I am currently going over the proof of the following proposition: (I know there is more than one post about this same result, but none can answer my current doubt).
Propostion. Given a commutative ring with identity $A$, the nilradical of $A$ is the intersection of all the prime ideals of $A$.
Proof. The inclusion $\subseteq $ is trivial to see. Conversely, let $f$ be a non-nilpotent element of $A$ and define the set
$$ S := \{a \text{ ideal of } A \colon f^n \notin a, \forall n \in \mathbb N \}.$$
$\color{red}{ \text{It is possible to show that } S = (S,\leqslant) \text{ has a maximal element (Zorn Lemma), where } \leqslant \text{ denotes the usual inclusion partial order relation.}}$
The proof goes on but the red text in my main doubt.
My attempt. I wish to show that, in fact, $S = (S,\leqslant) $ has a maximal element, by application of the Zorn Lemma. It is clear that $S \neq \emptyset$ since the null ideal $0$ is in $S$ (in fact, the null ideal only contains $0$ and $f^n \neq 0$, for every $n \in \mathbb N$ since $f$ is non-nilpotent). Therefore, let us consider an arbitrary chain $C$ in $S$ $(C \subseteq S)$ and consider the set $$C^\ast = \bigcup_{I \in C} I.$$ It is easy to see that $C^\ast $ verifies that $f^n \notin C^\ast,$ since $f^n \notin I,$ for every $I \in C$ and by definition of union of sets. $\color{red}{ \text{Altought, I don't know how to show that $C^\ast$ is, in fact, an ideal (the union of ideals is not necessarily an ideal)}}$.
Assuming $C^\ast$ is an ideal, we just guaranteed that $C^\ast \in S$ and it is of trivial observation that $I \subseteq C^\ast$ (again, just by definition of union of sets). Therefore, $I \leqslant C^\ast,$ for every $I \in C$ and so $C^\ast$ is an upper bound for the arbitrary chain $C$. Hence, every chain has an upper bound and by Zorn Lemma we can guarantee that $S$ has a maximal element.
Although the union of ideals is in general not an ideal, the union of a chain of ideals is always an ideal.

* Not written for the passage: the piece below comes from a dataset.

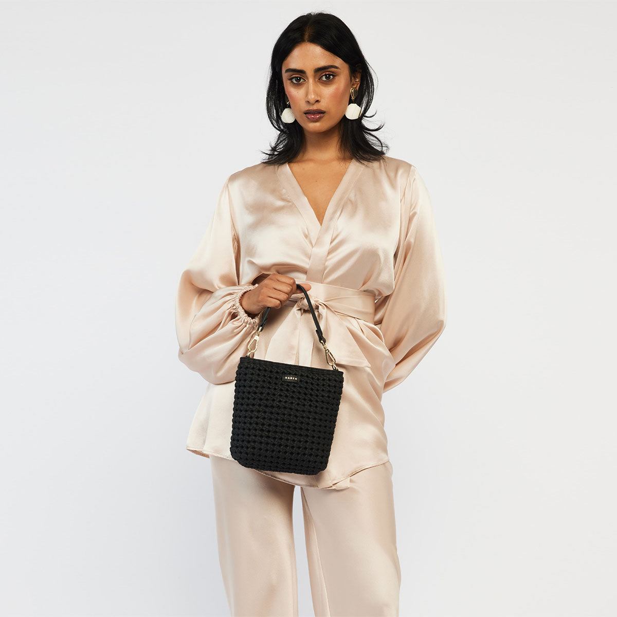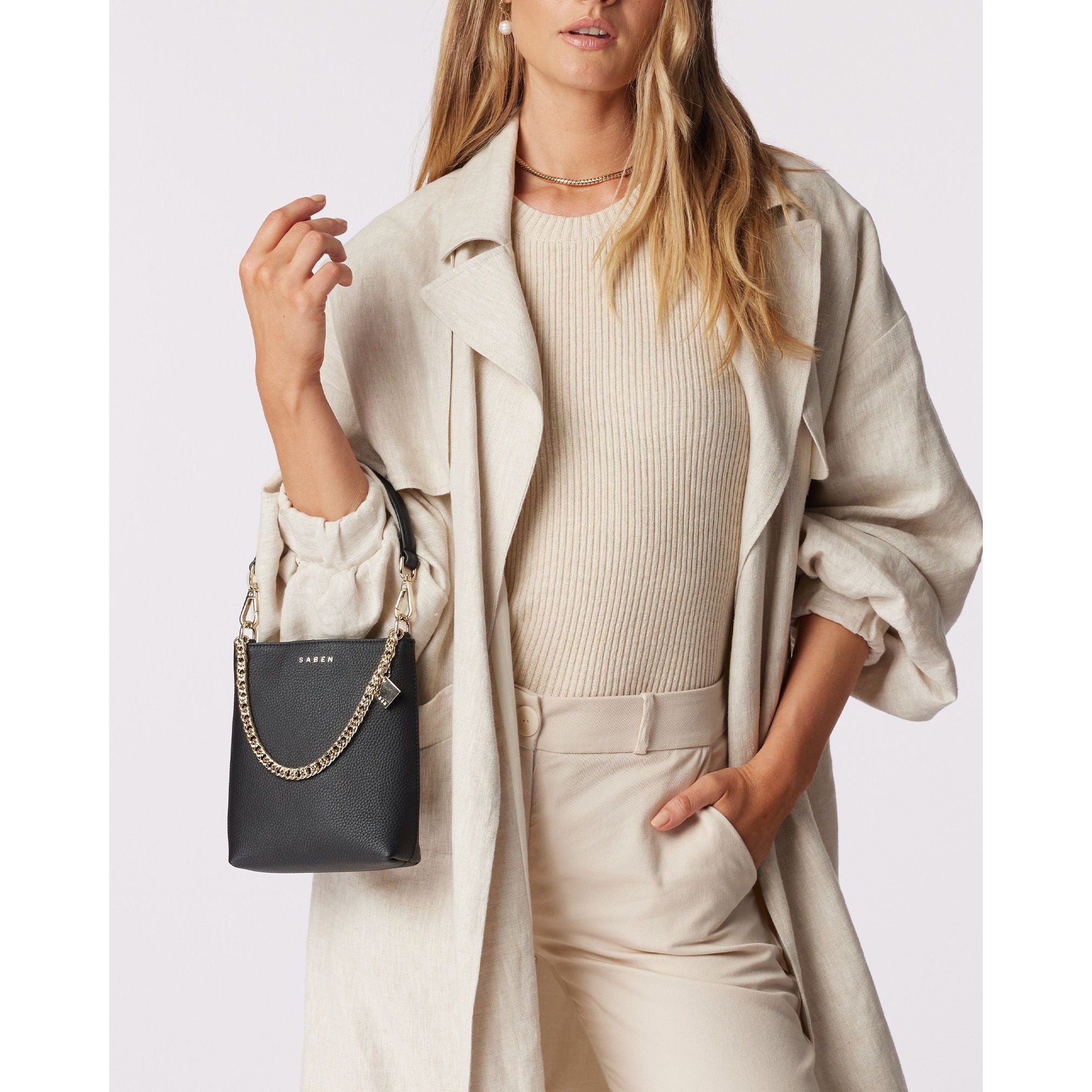 Meet Coco. Saben’s must-have mini bag with extra sass. Big enough to hold your wallet and phone, but small enough to be elegant arm candy at your next event. She offers multiple ways to wear for handsfree dancing or traversing the city. Some colours come with a fixed gold curb feature handle; others are not.

Let $C$ a chain of ideals and $C^*$ the union of the elements of $C$. We can easily check that $C^*$ satisfies the closure properties of an ideal.
Scalar closure: Let $a \in A$ and $c \in C^*$. Then there exists an ideal $I \in C$ such that $c \in I$. Since $I$ is an ideal, $ca \in I \subseteq C^*$. Note that we didn't need $C$ to be a chain for this part.
Additive closure: If $c_1, c_2 \in C^*$ then we can find $I_1, I_2$ in $C$ such that $c_1 \in I_1, c_2 \in I_2$. Because $C$ is a chain, it is totally ordered, and therefore either $I_1 \subseteq I_2$ or $I_2 \subseteq I_1$. Without loss of generality, say $I_1 \subseteq I_2$. Then $c_1, c_2 \in I_2$, and since $I_2$ is an ideal, also $c_1 + c_2 \in I_2 \subseteq C^*$.